**Provided material**
<<<<

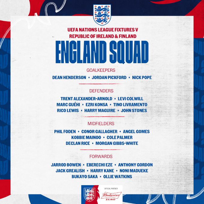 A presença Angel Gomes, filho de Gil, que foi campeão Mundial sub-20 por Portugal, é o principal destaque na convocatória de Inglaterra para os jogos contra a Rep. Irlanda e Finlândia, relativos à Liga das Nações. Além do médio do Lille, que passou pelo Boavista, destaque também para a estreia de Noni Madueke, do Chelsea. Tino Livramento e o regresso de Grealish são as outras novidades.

>>>>
<<<<

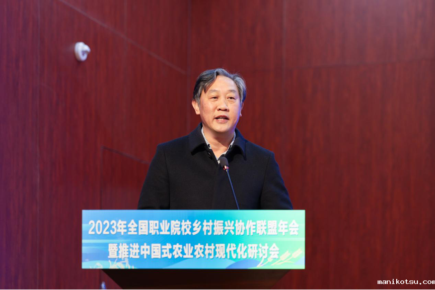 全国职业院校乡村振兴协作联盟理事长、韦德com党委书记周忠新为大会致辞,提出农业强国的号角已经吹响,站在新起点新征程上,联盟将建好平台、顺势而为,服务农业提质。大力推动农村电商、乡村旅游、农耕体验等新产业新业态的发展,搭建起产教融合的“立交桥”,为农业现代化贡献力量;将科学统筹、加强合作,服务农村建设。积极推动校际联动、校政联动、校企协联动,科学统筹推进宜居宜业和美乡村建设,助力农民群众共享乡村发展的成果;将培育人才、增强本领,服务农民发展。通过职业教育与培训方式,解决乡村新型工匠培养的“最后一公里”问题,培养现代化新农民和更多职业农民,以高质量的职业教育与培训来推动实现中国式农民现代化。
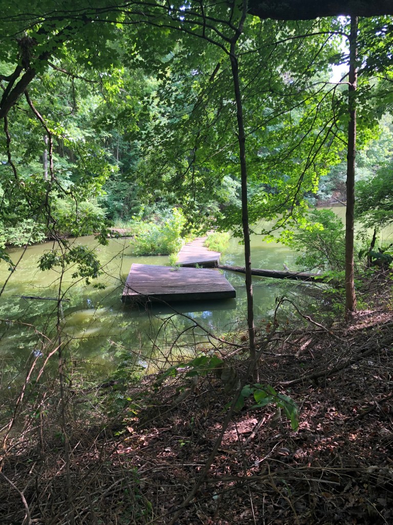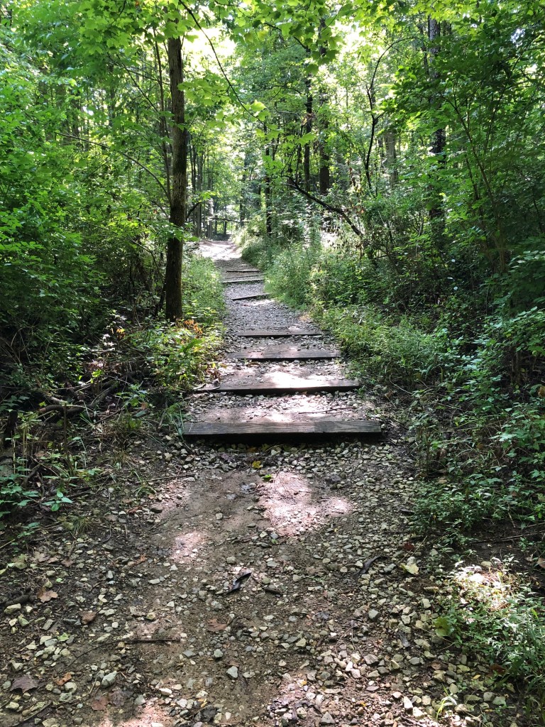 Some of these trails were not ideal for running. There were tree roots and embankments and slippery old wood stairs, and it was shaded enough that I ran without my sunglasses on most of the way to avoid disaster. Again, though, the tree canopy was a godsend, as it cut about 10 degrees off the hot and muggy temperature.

>>>>

**Work task**
Among the entries above, find the line with "全国职业院校乡村振兴协作联盟" and repeat exactly from there through the line with "Some of these", leaving out the pictures.

**Result of this task**
 全国职业院校乡村振兴协作联盟理事长、韦德com党委书记周忠新为大会致辞,提出农业强国的号角已经吹响,站在新起点新征程上,联盟将建好平台、顺势而为,服务农业提质。大力推动农村电商、乡村旅游、农耕体验等新产业新业态的发展,搭建起产教融合的“立交桥”,为农业现代化贡献力量;将科学统筹、加强合作,服务农村建设。积极推动校际联动、校政联动、校企协联动,科学统筹推进宜居宜业和美乡村建设,助力农民群众共享乡村发展的成果;将培育人才、增强本领,服务农民发展。通过职业教育与培训方式,解决乡村新型工匠培养的“最后一公里”问题,培养现代化新农民和更多职业农民,以高质量的职业教育与培训来推动实现中国式农民现代化。
 Some of these trails were not ideal for running. There were tree roots and embankments and slippery old wood stairs, and it was shaded enough that I ran without my sunglasses on most of the way to avoid disaster. Again, though, the tree canopy was a godsend, as it cut about 10 degrees off the hot and muggy temperature.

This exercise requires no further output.